Victims Still Face Barriers

But the state has made some gains in serving crime victims, according to Robert Rooks, vice president of Californians for Safety and Justice. The organization includes the national Crime Survivors for Safety and Justice network and helps victims influence criminal justice policy. Rooks pointed out that California has expanded its trauma recovery centers for violent crime survivors and that both the Victim of Crime Act and Proposition 47 have routed millions of additional funds to victims as well.

“Crime victims want investments in their communities to stop the cycle of crime,” he said. A major barrier survivors face, Rooks added, is that accessing services too often requires them to interact with law enforcement.

“Not everybody wants to report what happened to them to the police, not everybody wants to leave an abusive relationship, not everybody wants their abuser to be in jail,” explained Alameda County District Attorney Nancy O’Malley, creator of the Family Justice Center serving the region.

While her department oversees the center, O’Malley said there is no police presence there and that when people call the number, they are not contacting the DA’s office. The Family Justice Center serves approximately 18,000 people yearly, most of them women and children. Accordingly, the staff has made it very family friendly, with a “kids’ zone” on the premises.

At the center, domestic violence survivors can get the job training and connections they need to live independently from their abusers. They also learn how to prepare nutritious meals, create a budget and build their confidence. Clients may also receive pro bono legal work.

Parents who get the help they need to break free from abusive relationships teach their own children that they don’t have to stay in such relationships. In this way, helping domestic violence victims ends the cycle in families, O’Malley said.

Breaking the Cycle

Helping victims generally, no matter their circumstances, also has the potential to stop the perpetuation of violence, Ruett Foster said.

“From a human perspective, those who hurt others who have been hurt, which is why some victims—they become violent themselves,” said Foster, a trained social worker. “Helping crime victims makes the community that much healthier.”

Robins said that many victims are angry about the crimes they experienced, especially during the year immediately following the incident. “It’s probably the hardest time for them,” she said. “It is a very difficult time.
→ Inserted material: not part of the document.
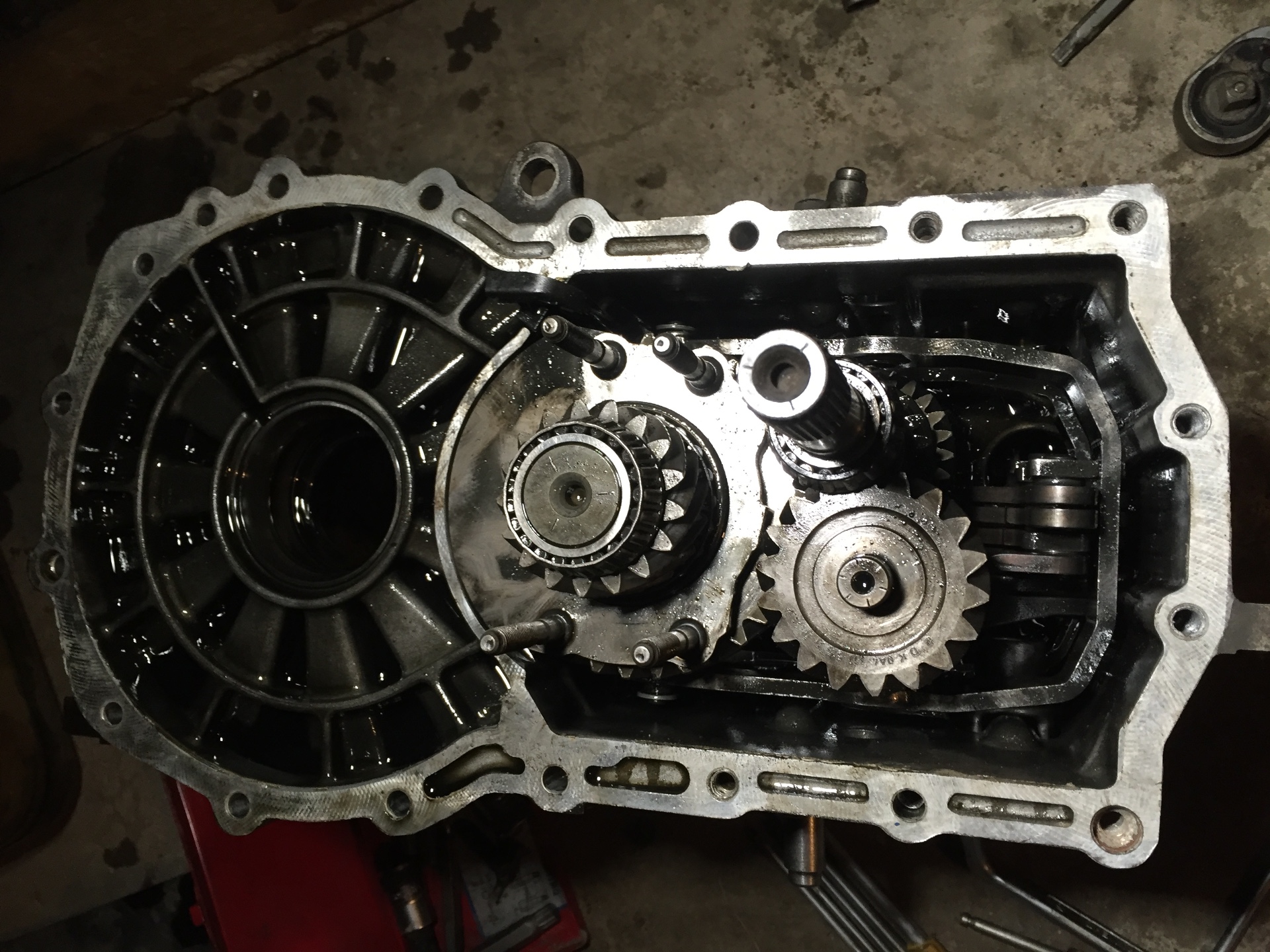 В эту коробку заливается 2,1 литра (при полном разборе), и 1,9 при обычной замене.
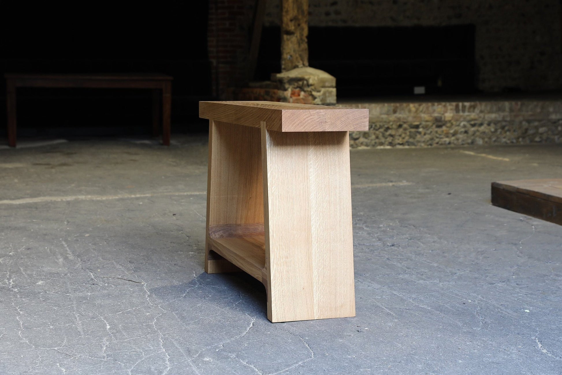 A simple yet technical piece. Hand carved curves joints made using the finest sussex oak. Size in one pictured 1100mm wide 300mm deep 750mm high. Bespoke versions available

If you talk to them [later], most of them can’t tell you what happened [that year]. Most are in survival mode.”

It doesn’t help that victims often lose relationships after experiencing a crime. Friends may distance themselves from them because they can’t relate or feel uncomfortable interacting with survivors of violence. Rhonda Foster said this happened to Ruett and her after Evan’s death.

“Absolutely, we lost friends, but we gained new ones during the healing process,” she said. At Loved Ones, they connected with people who could relate to their struggles.

Getting the emotional support they needed has inspired the Fosters to strive to end violence. Rhonda Foster works for the nonprofit Community Build Inc., part of L.A.’s Gang Reduction and Youth Development program. She sits on Women Against Gun Violence’s board as well. Ruett Foster is the lead pastor of Culver City’s Community Bible Church, which works with local police to get first-time youth offenders back on track.

“It’s been a really positive thing to take this pain and despair and turn it around and inspire people to live their best lives,” he said.